Bev Godwin, director of online resources and interagency development for the White House new media team, asked the public on Friday to weigh in on the decade-old federal policy that does not allow agencies to use persistent cookies on their Web sites. The reason has to do with privacy, but it makes it harder for agencies to create Web services like those in the private sector.
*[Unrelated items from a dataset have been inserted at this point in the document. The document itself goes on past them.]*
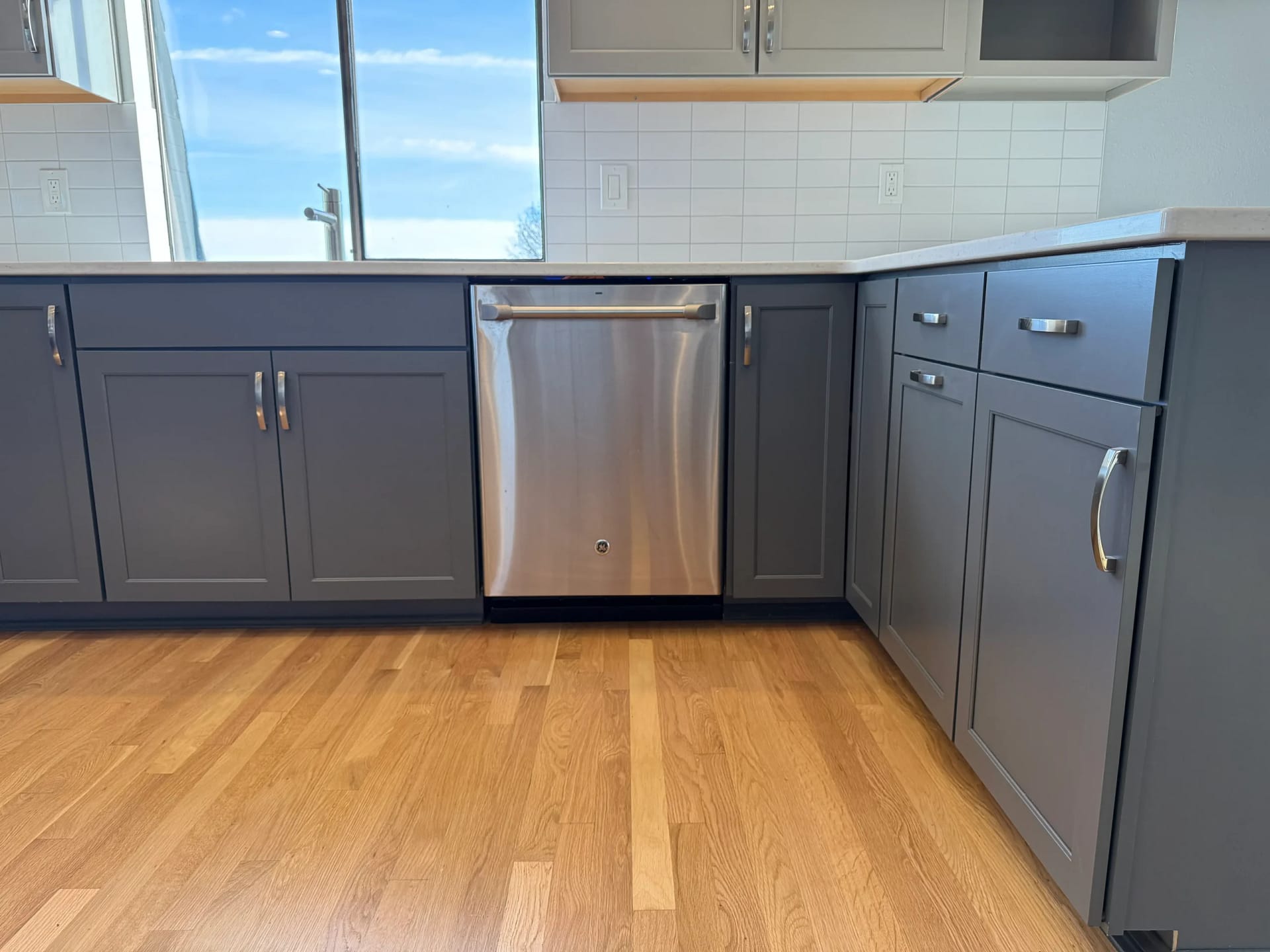 Installed classic 3×6 subway tiles for the backsplash, using platinum grout to subtly blend the tones of the cabinets and walls.
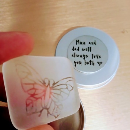It comes in one of our little Keepsake Tins - these have a personalised disc - which can have any words you'd like.
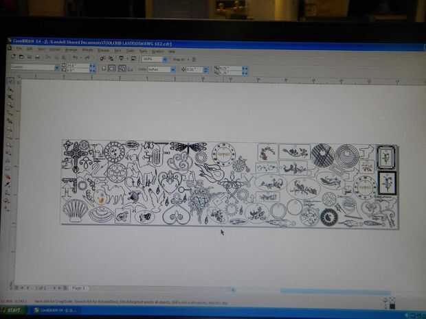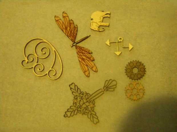 Primero utilicé principalmente fuentes de Corel Draw y prediseñadas para hacer los patrones que quería láser. Después graba al agua fuerte, recorta las formas. Algunas de las piezas son muy pequeñas y frágiles. Las partes que no pueden usar, figura que mi hija puede utilizar en mosaicos o algún otro proyecto de arte.
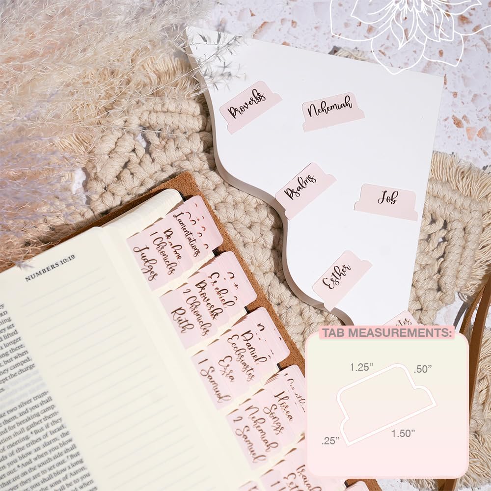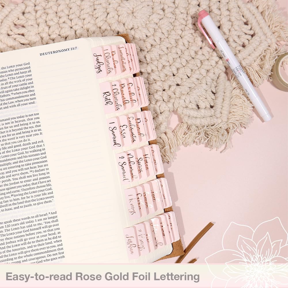 Idyllic Grace - Bible Tabs, Rose Gold Foil Lettering, Bible Journaling, Study Tool, New and Old Testament, Christian, Catholic, Apocrypha, 90 Tabs, Indexing, Glossy Laminated, Durable - Be The Light
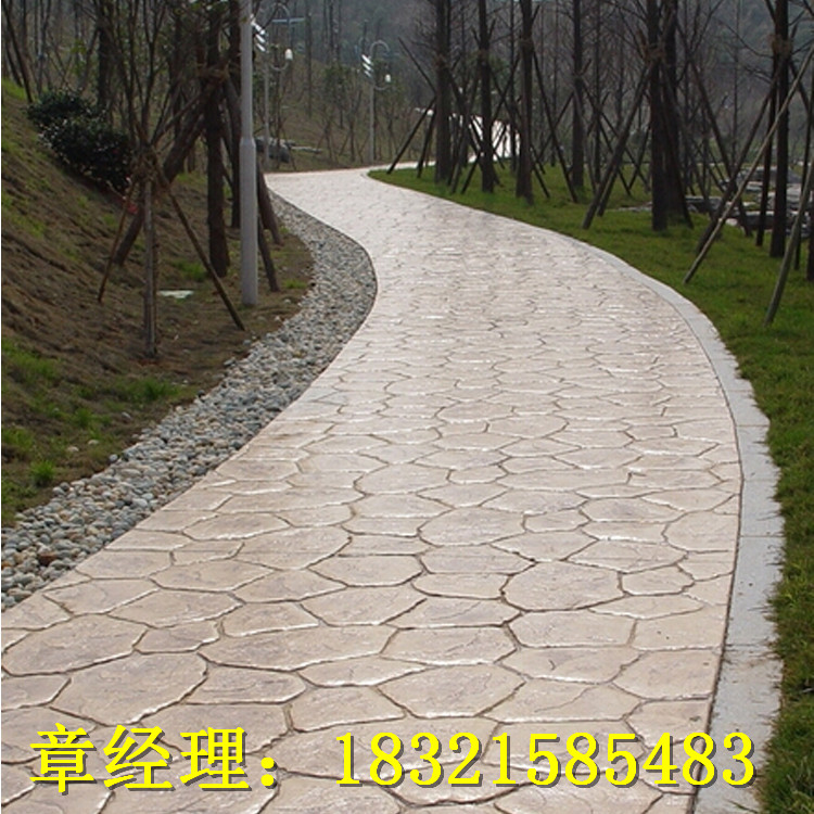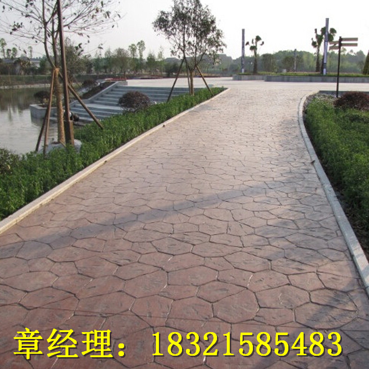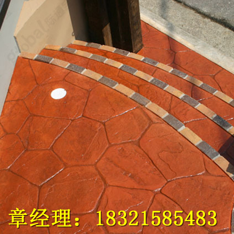 2、用本強化劑 材料制作的彩色壓模地坪具有耐磨、防滑、抗凍、不易起塵、易清潔、高強度、耐沖擊、且色彩和款式方面有廣泛的選擇性、成本低和綠色環保性等特點,是目前園林、市政、停車場、公園小道,商業和文化設施領域的理想選擇。

The White House wants the public to tell them what they think.



COMMENTS
Be informed that I am now using Firefox as my browser, with settings to delete all cookies, including super cookies, as soon as I exit any browser session.
I get this support thru the Better Privacy add-on to Fire Fox.
So far I have not yet found a site that has denied me access because I had deleted cookies from last time I visited.
Some Gov web sites do use some features that I believe are asking for security trouble down the road, such as Flash (controlled by a private enterprise that could get hacked) ... I am constantly deciding not to look at some info, because the webmaster has taken security risk choices, that I do not want to share, because I have no idea about the cyber security of the plugins needed to view the data.
I find out about these risk with the No Script add on to Fire Fox.
It is like when we get phone spam, trying to sell us some product or service, where we have not researched the outfit involved. They want us to buy NOW, and invariably I decline, because most times when I have gone along with the pitch, I end up regretting it later.
When a web site asks us to install this or that, to access whatever, it is not so easy to ask "what the heck is this, and why do we need it?" much easier to say "forget about that information."